Director: Matt Bettinelli-Olpin, Tyler Gillett
Cast: Melissa Barrera, Jasmin Savoy Brown, Jenna Ortega, Mason Gooding
Have I Seen it Before: Nope, brand new. Well, sort of brand new.
Did I Like It: No review of this film will probably be complete without reckoning with the elephant steadfastly refusing to enter the room, Neve Campbell’s Sidney Prescott**. Campbell’s decision to not participate in the film did nothing to remove her from the suspect list. That the filmmakers were still able without skipping a beat to get this film into theaters inside of a year after the release of Scream (2022) tells me pretty clearly that Sidney was not a vital part of this story. Watching it unfold makes it pretty clear that the film probably wouldn’t have room for her. Campbell claims that she was being undervalued by the franchise she has brought so much to in the past, and in a series where it is important to not believe much of what we are told, I believe her completely.
That aside, I find this new film to be an exercise in half measures. The opening sequence—with Ghostfaces upon Ghostfaces being hunted by other Ghostfaces—is promising to the point that I think the series may have found a new lease on life that I was never completely convinced had been earned in last year’s entry. What’s more, spending time with the new “core four” characters this time was so engaging that I doubled down on my desire for six more Screams to come. This doesn’t even cover the fact that Gale Weathers (Courtney Cox, the only original cast member to return, even though I have sneaking suspicion that Matthew Lillard is in a cell somewhere, waiting for Scream 7–Sceaivii?—to come find him) gave Ghostface the fake out we all didn’t know we had been waiting for for nearly thirty years.

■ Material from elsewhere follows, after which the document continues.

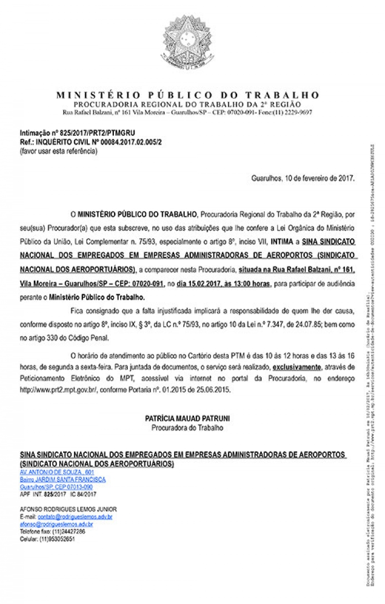Dirigentes do Sindicato Nacional dos Aeroportuários (Sina) e representantes do GRU Airport participam nesta quarta (15), às 13h, de audiência no Ministério Público do Trabalho da 2ª Região, em Guarulhos.

And then the ending happens, and most (but not all) of that promise goes up in smoke. Difficult to talk about the ending of a Scream without playing all of the available spoiler cards, but it’s a little disappointing that the new character played by the most famous actor in the cast winds up being behind it all. That’s a rule that will get you to solution of most crime procedural episodes before the second commercial break. That the whole affair ends up being a barely warmed-over rehash of the series-best Scream 2 (1997) doesn’t help anything. And the fact that both the protagonists and the villains of the piece could all come together and agree that Sidney Prescott should not be bothered right now strains the credulity of even the most naive of moviegoers. Namely, me.
Maybe we did need Sidney and Neve Campbell after all.
*Or is the title really SCREAIVI? I’m honestly not sure.
**Which I absolutely typed as Sidney Bristow originally. Thank Wes Craven that I was able to catch that one before sending the review to the press.